An additional P340,000 was spent in December 2010 to improve machinery covered by
the patents and was debited to the patents account. Depreciation on operational assets has
been properly recorded for 2010 in accordance with Famy’s practice, which provides a
full year’s depreciation for property on hand as of June 30 and no depreciation otherwise.
Famy uses the straight-line method for all depreciation and amortization.
b. The balance in the organization costs included costs incurred during the organization
period. Famy has exercised its option to amortized organization cost over a five-year
period beginning January 1, 2009, for income tax purposes and will amortize these costs
for accounting purposes in the same manner. No amortization has yet been recorded.
c. On January 3, 2009, Famy purchased licensing agreement 1, which was believed to have
a 20-year useful life. The balance in the licensing agreement 1 account includes its
purchase price of P480,000 and costs of of P20,000 related to the acquisition. On January
1,2010, Famy bought licensing agreement 2, which has a life expectancy of 10 years. The
balance in the licensing agreement 2 account included the P580,000 purchase price and
P20,000 in acquisition costs, but it has been reduced by a credit of P10,000 for the
advance collection of 2011 revenue from the agreement. No amortization on agreement 2
has been recorded.

In early 2010, an explosion caused a permanent 60%reduction in expected revenue-


producing value of licensing agreement1. No entries have been made during 2009 or
2010 amortization or for the explosion in 2010.
d. The balance in the goodwill account includes (1) P80,000 paid December 30,2009, for an
advertising program that management believes will assist in increasing Famy’s sales over
a period of three to five years following the disbursement and
(2)legal expenses of P160,000 incurred for Famy’s corporation January 3,2009. No
amortization has ever been recorded on the goodwill.

Questions:
Based on the above and the result of your audit, determine the adjusted carrying amount of the
following as of December 31,2010:
1. Patents
2. Organization Costs
3. Licensing agreement 1
4. Licensing agreement 2
5. Goodwill
Answers:
1. P646,000
2. P0
3. P180,000
4. P540,000
5. P0
Solution:
1. Unadjusted Patents, 12/31/10 1,020,000
Expenditures chargeable to machinery ( 340,000)
Adjusted costs of Patents 680,000
Amortization in 2010(P680,000/20) ( 34,000)
Carrying amount of Patents,12/31/10 P646,000

2. Start-up, pre-opening and pre-operating cost should be expensed when incurred.

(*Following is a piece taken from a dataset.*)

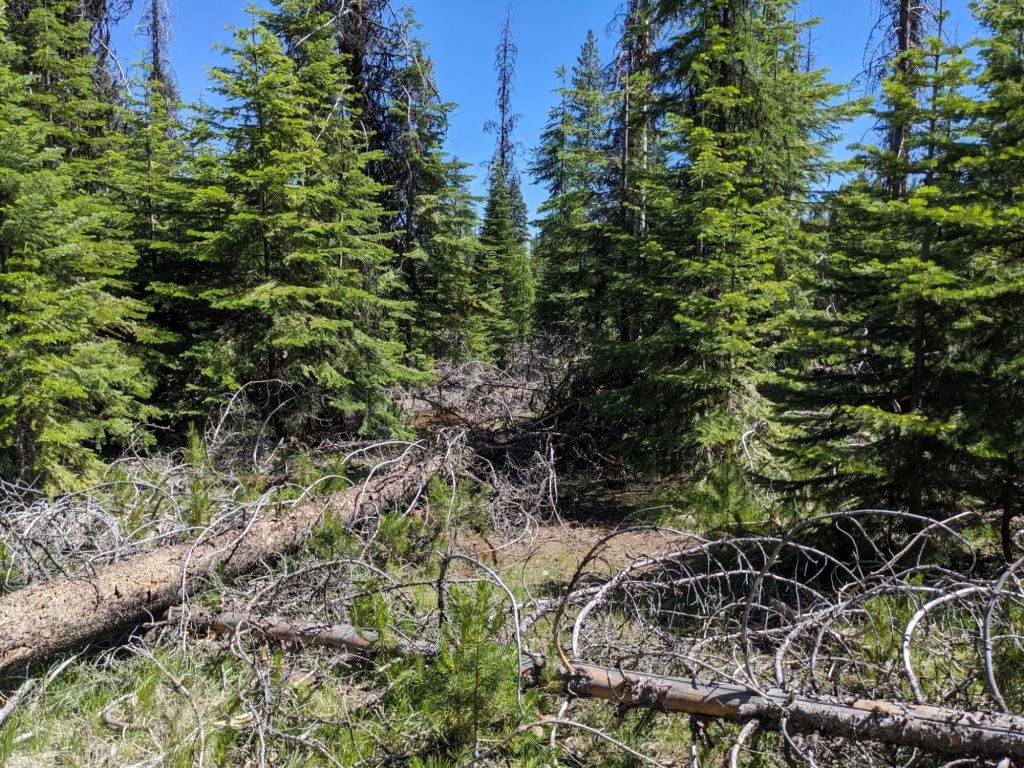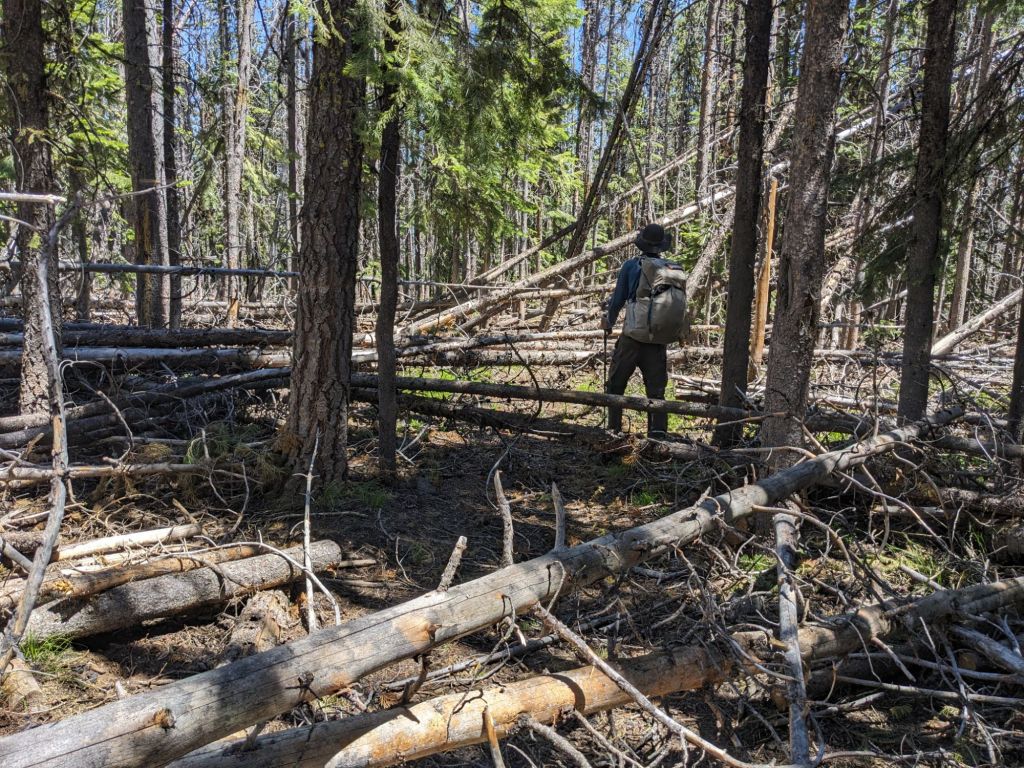 Though the trail is unmaintained, we had been making efforts to improve the conditions as we went. Sometimes this just meant sweeping sticks and logs out of the path, other times it was righting a collapsed rock cairn or, in O’Well’s case, clearing a blocked culvert. On sections with lots of blowdowns, we spent a lot of time snapping limbs off the dry, dead logs to create easier routes through the mess. We seemed to be the first people to have traveled the trail since the winter, given how tangled everything still was.

3. Unadjusted licensing agreement no. 1, 12/31/10 500,000


Amortization in 2009 (P500,000/20) ( 25,000)
Carrying amount, 12/31/09 475,000
Casualty loss (P475,000*60%) (285,000)
Carrying amount, after casualty loss 190,000
Amortization in 2010 (P190,000/19) ( 10,000)
Carrying amount, 12/31/10 180,000

4. Unadjusted licensing agreement no.2, 12/31/10 590,000


Advance collection erroneously deducted 10,000
Adjusted cost of licensing agreement no.2 600,000
Amortization in 2010 (P600,000/10) ( 60,000)
Carrying amount, 12/31/10 540,000

5. The expenditures for advertising and legal expenses should be expensed when incurred.